Performance problem with filtering

Wed Mar 13 22:54:40 EST 2002

> From: Gerhard Häring [mailto:gh_pythonlist at gmx.de]
> 
> I have two lists of files (approx. 50000 entries). Now I want 
> to have all the
> entries of list b, that are not in list a. However, the primitive:
> 
> results = []
> for entry in b:
>     if entry not in a:
>         results.append(entry)
> 
> is terribly slow. I mean *really* slow. Any recommendations 
> on how to optimize
> this? Wouldn't it be nice if I could simply do b.removeall(a)?
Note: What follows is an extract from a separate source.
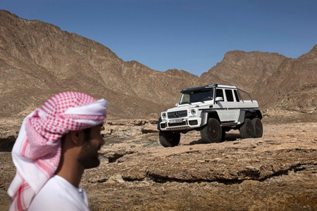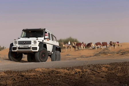 Mới đây, Mercedes-Benz đã trình diễn phiên bản tiền sản xuất của mẫu xe off-road G 63 AMG 6x6. Cùng với những hình ảnh mẫu xe này chinh phục sa mạc nóng bỏng, thương hiệu xe sang của Đức cho biết “Chiếc xe trình diễn có thể dễ dàng vượt qua các đụn cát cao nhất và đi trong sa mạc thoải mái nhờ sự ổn định và chắc chắn”.

Firstly, you are doing 'entry in a' for each entry in b. This is a linear
search through a ... *very* slow.

So, the first thing I would recommend is ...

results = []
c = {}

for entry in a:
    c[entry] = None

for entry in b:
    if c.has_key(entry):
        results.append(entry)

This means you are searching for a key in a dictionary ... a very quick
operation.

A further optimisation is to use the filter() function.

results = []
c = {}

for entry in a:
    c[entry] = None

results = filter(c.has_key, b)

This should give you a couple of orders of magnitude speedup. I would
suggest trying both and comparing the performance.

Tim Delaney